[Data extracted from a collection]

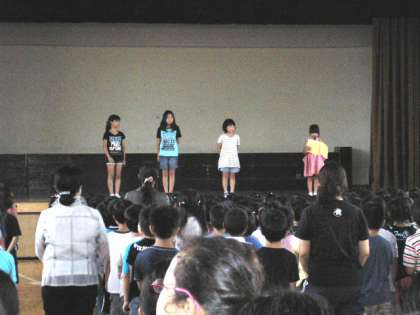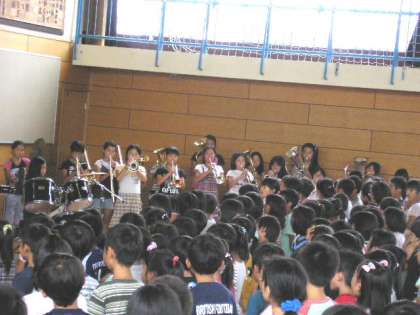 3年生と5年生の児童代表が、1学期の振り返りを発表しました。その後、金管バンドの伴奏で全員で校歌を歌いました。(7月20日)
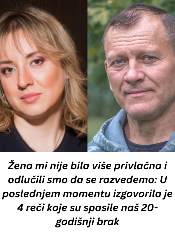 Ovo je priča o paru koji je bio na ivici razvoda, ali su četiri jednostavne reči promenile sve i spasile njihov dvadesetogodišnji brak. Kako se ljubav može povratiti i prevazići godine rastuće udaljenosti i nesigurnosti, pokazuje upravo ova iskrena ispovest. Daša i njen muž su nakon 20 godina zajedničkog života stajali na ivici kraja. Umorni od svakodnevnih problema i tihe emocionalne distance koja ih je postepeno udaljavala, njihov brak je postao samo formalnost. Djeca su već osetila da se njihovi roditelji udaljavaju, a svaki pokušaj da poprave situaciju padao je u vodu. On je bio ubeđen da je sve gotovo, da su prošle godine pokušaja, a ništa više nije moglo da spasi njihov odnos. Međutim, kako to obično biva u životu, ponekad je baš tada najbliže mogućem rešenju.
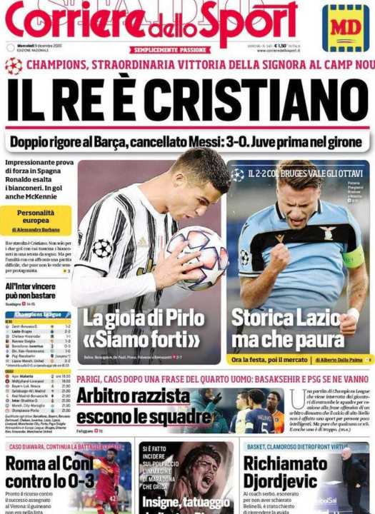 Il Corriere dello Sport apre con la vittoria della Juventus al Camp Nou contro il Barcellona. I bianconeri hanno vinto 3-0 grazie alla doppietta su rigore di Cristiano Ronaldo e al goal di McKennie. Il portoghese ha vinto la particolare sfida a distanza con Leo Messi, rimasto a secco. Passa il turno anche la Lazio, che pareggia 2-2 in casa con il Bruges. Stasera tocca ad Atalanta e Inter.
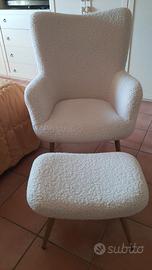 Poltrona e poggiapiedi in tessuto teddy color avorio modello HUNDESTED di Jysk Altezza cm 96 Altezza seduta cm 45 Larghezza massima cm 70 Solo poltrona € 80.00 Poltrona e poggiapiedi € 110
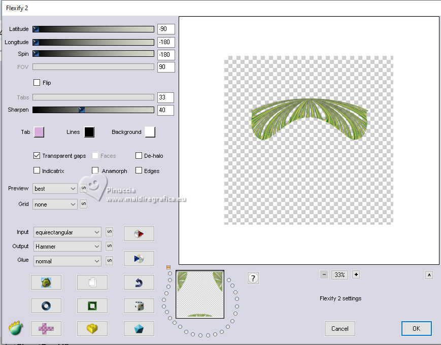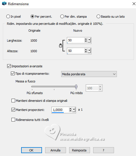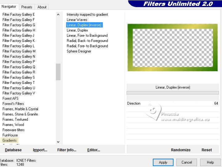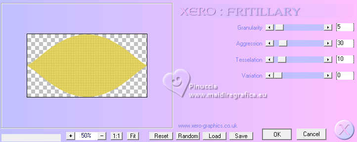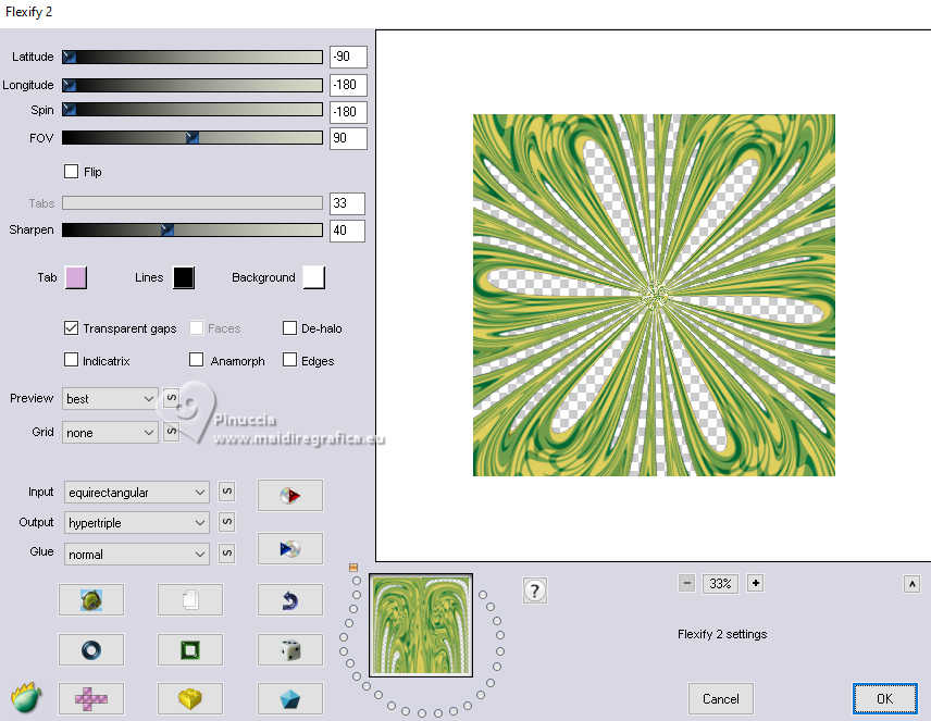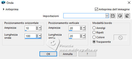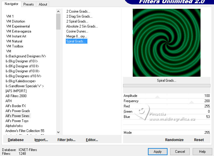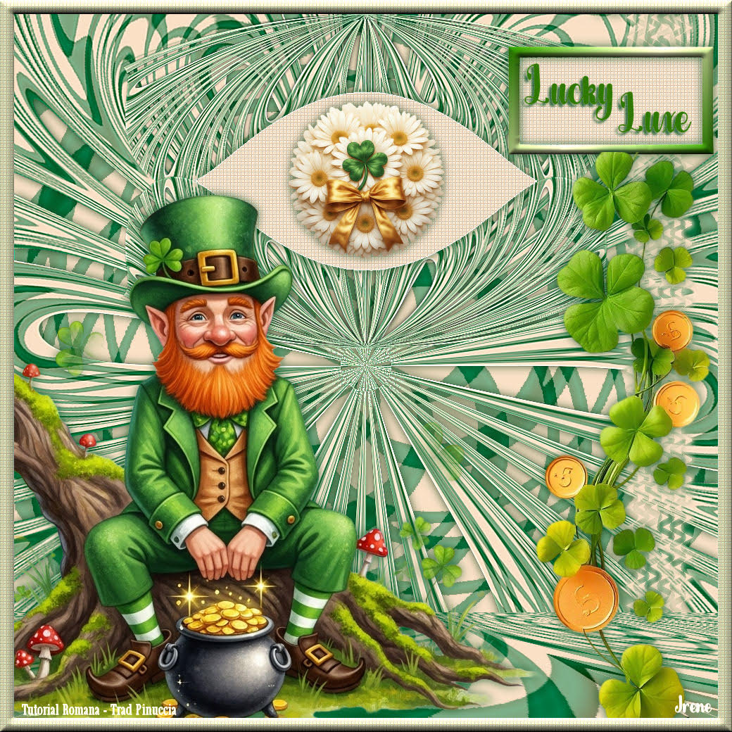 qui puoi trovare qualche risposta ai tuoi dubbi. Se l'argomento che ti interessa non è presente, ti prego di segnalarmelo. Questo tutorial è stato realizzato con PSP2020 e tradotto con PSPX9, ma può essere realizzato anche con le altre versioni di PSP. Dalla versione X4, il comando Immagine>Rifletti è stato sostituito con Immagine>Capovolgi in orizzontale, e il comando Immagine>Capovolgi con Immagine>Capovolgi in verticale. Nelle versioni X5 e X6, le funzioni sono state migliorate rendendo disponibile il menu Oggetti. Con la nuova versione X7, sono tornati Rifletti>Capovolgi, ma con nuove varianti. Vedi la scheda sull'argomento qui Occorrente: 1 tube 1 o 2 tubes accessori Eventualmente un'immagine di sfondo. Il resto del materiale ![]() Per i miei esempi ho usato miei tubes da immagini Pinterest. In questa pagina trovi i links ai siti dei creatori di tubes) Filtri: in caso di dubbi, ricorda di consultare la mia sezione filtri qui Filters Unlimited 2.0 qui Flaming Pear - Flexify 2 qui Alf's Power Sines - Spiral Grads qui Xero - Fritillary qui Mura's Meister - Perspective Tiling qui I filtri Alf's Power sines si possono usare da soli o importati in Filters Unlimited (come fare vedi qui) Se un filtro fornito appare con questa icona ![]() non esitare a cambiare modalità di miscelatura e opacità secondo i colori utilizzati. ![]() Metti le selezioni nella cartella Selezioni. 1. Apri una nuova immagine trasparente 1000 x 1000 pixels. Scegli due colori dal tuo tube, per l'esempio colore di primo piano #2f7900 colore di sfondo #e0d05f. ![]() 2. Selezione>Seleziona tutto. Apri la tua immagine di sfondo e vai a Modifica>Copia. Torna al tuo lavoro e vai a Modifica>Incolla nella selezione. Selezione>Deseleziona. Se stai utilizzando un'immagine, dovresti duplicarla. O, se preferisci, riempi l'immagine trasparente con il colore di primo piano.in ogni caso, dopo l'applicazione del filtro Spiral Grads, il risultato è lo stesso 3. Effetti>Plugins>Filters Unlimited 2.0 - Alf's Power Sines - Spiral Grads ![]() 4. Selezione>Carica/Salva selezione>Carica selezione da disco. Cerca e carica la selezione 01ornament326-romana1 ![]() Riempi la selezione con il colore di sfondo.Selezione>Deseleziona. 5. Effetti>Effetti di riflesso>Specchio rotante. ![]() Livelli>Duplica. Immagine>Rifletti>Rifletti verticalmente (Immagine>Capovolgi). Abbassa l'opacità di questo livello al 50%. Livelli>Unisci>Unisci giù. 6. Livelli>Duplica. Effetti>Effetti di distorsione>Onda. ![]() 7. Effetti>Plugins>Flaming Pear - Flexify 2. ![]() 8. Effetti>Plugins>Flaming Pear - Flexify 2. ![]() Regola>Messa a fuoco>Accentua messa a fuoco. 9. Effetti>Effetti 3D>Sfalsa ombra, colore nero. ![]() 10. Livelli>Duplica. Immagine>Ridimensiona, al 50%, tutti i livelli non selezionato. ![]() 11. Selezione>Carica/Salva selezione>Carica selezione da disco. Cerca e carica la selezione 01ornament327-romana1 ![]() Riempi la selezione con il colore di sfondo.Selezione>Innalza selezione a livello. Selezione>Deseleziona. Adesso puoi eliminare il livello sottostante, perchè non ti serve più. 12. Ritorna sul livello superiore della selezione innalzata. Effetti>Plugins>Flaming Pear - Flexify 2. ![]() Regola>Messa a fuoco>Accentua messa a fuoco. 13. Effetti>Effetti di immagine>Scostamento. ![]() 14. Livelli>Duplica. Immagine>Rifletti>Rifletti verticalmente (Immagine>Capovolgi). Effetti>Effetti di immagine>Scostamento. ![]() Livelli>Unisci>Unisci giù. 15. Livelli>Nuovo livello raster. Selezione>Carica/Salva selezione>Carica selezione da disco. Cerca e carica la selezione 01ornament328-romana1 ![]() Riempi la selezione con il colore di sfondo.16. Effetti>Plugins>Xero - Fritillary ![]() Effetti>Effetti di bordo>Aumenta. Effetti>Effetti 3D>Sfalsa ombra, colore nero. ![]() Selezione>Deseleziona. 17. Apri il tuo primo tube accessorio e vai a Modifica>Copia. Torna al tuo lavoro e vai a Modifica>Incolla come nuovo livello. Immagine>Ridimensiona, se necessario. Posiziona correttamente il tube, vedi il mio esempio.Regola>Messa a fuoco>Accentua messa a fuoco. Effetti>Effetti 3D>Sfalsa ombra, colore nero. ![]() 18. Livelli>Nuovo livello raster. Selezione>Carica/Salva selezione>Carica selezione da disco. Cerca e carica la selezione 01ornament329-romana1 ![]() Riempi la selezione con il colore di sfondo.Selezione>Deseleziona. 19. Effetti>Effetti 3D>Sfalsa ombra, colore di sfondo ![]() Selezione>Deseleziona. Livelli>Duplica. Immagine>Rifletti>Rifletti orizzontalmente. 20. Attiva il livello inferiore. Livelli>Duplica. Effetti>Plugins>Mura's Meister - Perspective Tiling 1.1. ![]() Livelli>Disponi>Porta in alto. Effetti>Effetti 3D>Sfalsa ombra, colore nero. ![]() 21. Livelli>Nuovo livello raster. Selezione>Carica/Salva selezione>Carica selezione da disco. Cerca e carica la selezione 01ornament330-romana1 ![]() Riempi la selezione con il colore di sfondo.22. Effetti>Plugins>Filters Unlimited 2.0 - Gradients - Linear Duplex (inverse) ![]() 23. Effetti>Effetti 3D>Smusso a incasso. ![]() Effetti>Effetti 3D>Sfalsa ombra, colore nero. ![]() 24. Livelli>Nuovo livello raster. Selezione>Carica/Salva selezione>Carica selezione da disco. Cerca e carica la selezione 01ornament331-romana1 ![]() Riempi la selezione con il colore di sfondo.Effetti>Plugins>Xero - Fritillary, con i settaggi precedenti. Effetti>Effetti di bordo>Aumenta. Livelli>Disponi>Sposta giù. Selezione>Deseleziona. 25. Attiva nuovamente il livello superiore. Attiva lo strumento Testo , scegli un font e scrivi il tuo testo.Io ho scritto Lucky Luxe Posiziona il testo sul banner.26. Effetti>Effetti 3D>Sfalsa ombra, colore nero. ![]() 27. Apri il tuo secondo tube accessorio e vai a Modifica>Copia. Immagine>Ridimensiona, se necessario. Sposta il tube a destra, o come preferisci - vedi il mio esempio.Regola>Messa a fuoco>Accentua messa a fuoco. Effetti>Effetti 3D>Sfalsa ombra, colore nero. ![]() se preferisci, puoi aggiungere il tube dopo i bordi 28. Selezione>Seleziona tutto. Immagine>Aggiungi bordatura, 20 pixels, simmetr
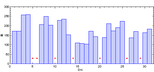 vždy od 6.00 hod UT daného dňa po 6.00 hod UT nasledujúceho dňa. Škála
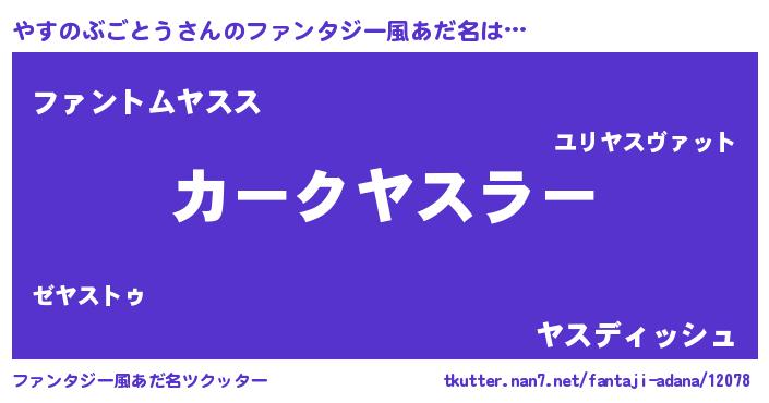 | 男性向けラノベタイトル風あだ名 | 『うちのやすのぶごとうが世界を掌握している!』 |
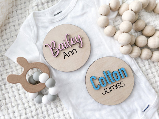 Personalized Baby Name Announcement Sign, 3D Hospital Name Wood Sign, Engraved Baby Name Circle , 3D Baby Name Reveal, Newborn Photo Prop
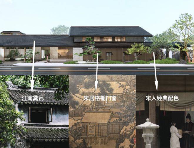 示范区承袭香山帮传统技艺工法,将宋风大宅与苏州在地文化融为一体。从主入口的黑松、门亭香山"细石匠"工艺到园内的地铺、小品,景墙端头点缀转译回纹、云纹、万字纹等经典东方符号,木坐凳以瑞兽花卉为蓝本雕刻,体现江南园林的精巧
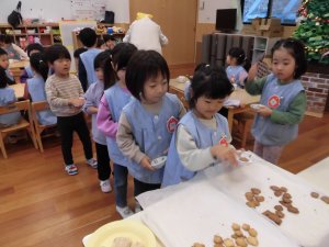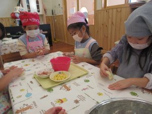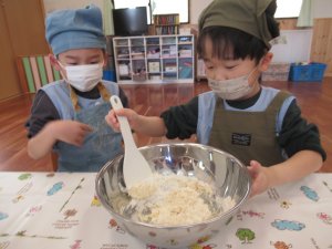 4歳児さんでは、卵不使用のクリスマスクッキー作りを行いました。

[WHAT YOU ARE ASKED TO DO] Only the lines from the one containing "男性向けラノベタイトル風あだ名 | 『うちのやすのぶごとうが世界を掌握している!』 |" through the last line of the entries above should be copied, exactly as they are and without the pictures.

[RESULT OF THE TASK]
 | 男性向けラノベタイトル風あだ名 | 『うちのやすのぶごとうが世界を掌握している!』 |
 Personalized Baby Name Announcement Sign, 3D Hospital Name Wood Sign, Engraved Baby Name Circle , 3D Baby Name Reveal, Newborn Photo Prop
 示范区承袭香山帮传统技艺工法,将宋风大宅与苏州在地文化融为一体。从主入口的黑松、门亭香山"细石匠"工艺到园内的地铺、小品,景墙端头点缀转译回纹、云纹、万字纹等经典东方符号,木坐凳以瑞兽花卉为蓝本雕刻,体现江南园林的精巧
 4歳児さんでは、卵不使用のクリスマスクッキー作りを行いました。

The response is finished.